There is no simple, one-size-fits all response to this question. It is a case by case decision.
In this instance, it appears that there is exactly one user_detail record per record in the user table (or possibly either 1 or 0 detail record per user record), so shy of subtle caching concerns, there is really little no penalty for "denormalizing". (indeed in the 1:1 cardinality case, this would effectively be a normalization).
The difficulty in giving a "definitive" recommendation depends on many factors. In particular (format: I provide a list of questions/parameters to consider and general considerations relevant to these):
If there is a relative little amount of writes compared with reads, it would be possible to create many indexes, some covering the most common queries, and hence logically re-creating of sort, in a more flexible fashion the two (indeed multiple) table setting. The downside of too many covering indices could of course be to occupy too much disk space (not a big issue these days) but also to possibly impede (to some extent) the cache. Also too many indices may put undue burden on write operations...
If any one of the record average size is "unusually" long, say above 400 bytes, a multi-table may be appropriate. After all, an somewhat depending on the type of filtering done by the queries, the JOIN operation are typically very efficiently done by MySQL, and there is therefore little penalty in keeping separate table.
If it isn't the case i.e if we have user records with more than one user_details, given the relatively small number or records (2 millions) (Yes, 2M is small, not tiny, but small, in modern DBMS contexts), denormalization would probably be a bad idea. (possible exception with cases where we query several dozens of time per second the same 4 or 5 fields, some from the user table, some from the user_detail table.
Bottom lines:
Upvotes: 2
Reputation: 28016
You should easily be able to make either scenario perform well with proper indexing. Two million rows is not that many for any modern RDBMS.
However, one table is a better design if rows in the two tables represent the same logical entity.
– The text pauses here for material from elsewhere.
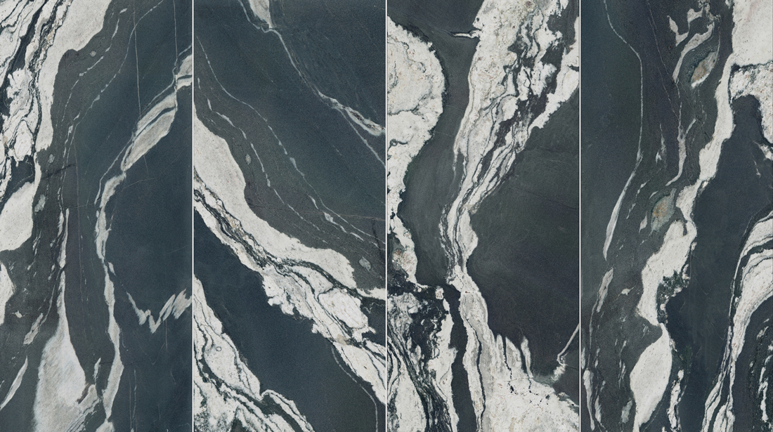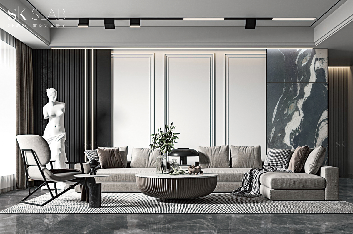黑白藝術的融合,大氣奔放的流紋像天然山脈的肌理,極強的視覺沖擊力,讓空間無限延伸,神秘而有富生命力與藝術美感。

If the user table has a 1:1 relationship with the user_detail table, you should (probably) combine them.
Edit: A few other answers have mentioned de-normalizing--this assumes the relationship between the tables is 1:n (I read your question to mean the relationship was 1:1). If the relationship is indeed 1:n, you absolutely want to keep them as two tables.
Upvotes: 4
Reputation: 26910
The current trend is denormalize (i.e. put them in the same table). It usually give better performance, but easier to make inconsistent (programming mistake, that is).
Plan: determine your workload type.
Benchmark: See if the performance gain worth the risk.
Upvotes: 1
Reputation: 23972
Joins themselves are not inherently bad; RDBMS are designed to perform joins very efficiently—even with millions or hundreds of millions of records. Normalize first before you start to de-normalize, especially if you're new to DB design. You may ultimately end up incurring more overhead maintaining a de-normalized database than you would to use the appropriate joins.
As to your specific question, it's very difficult to advise because we don't really know what's in the tables. I'll throw out some scenarios, and if one matches yours, then great, otherwise, please give us more details.
If there is, and will always be a one-to-one relationship between user and user_details, then user details likely contains attributes of the same entity and you can consider combining them.
If the relationship is 1-to-1 and the user_details contains LOTS of data for each user that you don't routinely need when querying, it may be faster to keep that in a separate table. I've seen this often as an optimization to reduce the cost of table scans.
If the relationship is 1-to-many, I'd strongly advice against combining them, you'll soon wish you hadn't (as will those who come after you)
If the schema of user_details changes, I've seen this too where there is a core table and an additional attribute table with variable schema. If this is the case, proceed with caution.
Upvotes: 2
Reputation: 52107
Denormalization will generally use-up more space while affording better query performance.
Be careful though - cache also matters and having more data effectively "shrinks" your cache! This may or may not wipe-out the theoretical performance benefit of merging two tables into one. As always, benchmark with representative data.
Of course, the more denormalized your data model is, the harder it will be to enforce data consistency. Performance does not matter if data is incorrect!
So, the answer to your question is: "it depends" ;)
Upvotes: 1